Action item: Once you find the line below that has "Hygienic cotton swabs", output it and every line after it exactly, stopping after the line that has "Whenever the user", with no pictures.

Listed records:
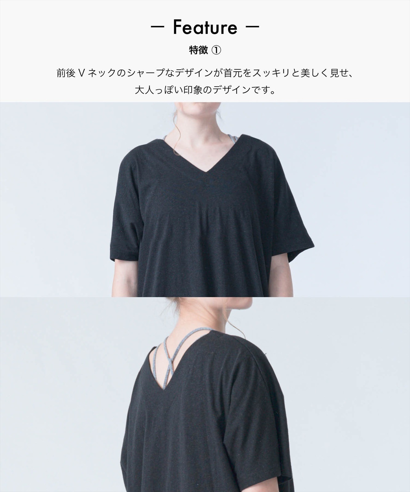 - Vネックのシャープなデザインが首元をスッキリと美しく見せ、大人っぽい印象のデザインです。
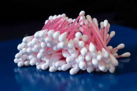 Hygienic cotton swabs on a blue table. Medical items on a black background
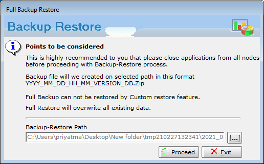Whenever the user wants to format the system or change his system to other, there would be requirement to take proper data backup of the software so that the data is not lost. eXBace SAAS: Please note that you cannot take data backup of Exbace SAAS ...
--
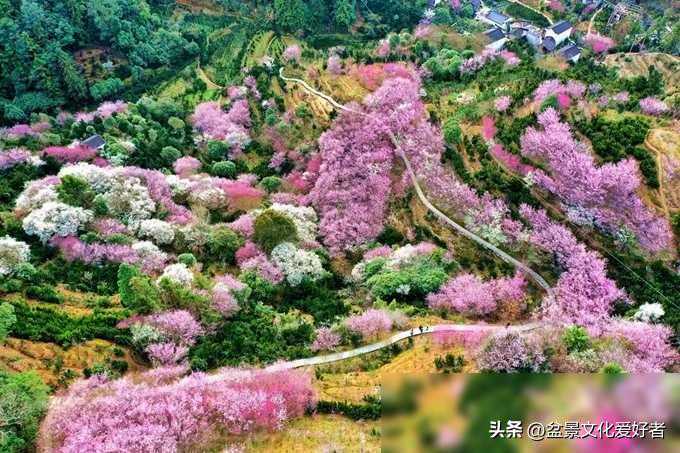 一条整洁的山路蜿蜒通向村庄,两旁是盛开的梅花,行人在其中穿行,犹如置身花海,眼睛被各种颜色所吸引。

Solution to the exercise:
 Hygienic cotton swabs on a blue table. Medical items on a black background
Whenever the user wants to format the system or change his system to other, there would be requirement to take proper data backup of the software so that the data is not lost. eXBace SAAS: Please note that you cannot take data backup of Exbace SAAS ...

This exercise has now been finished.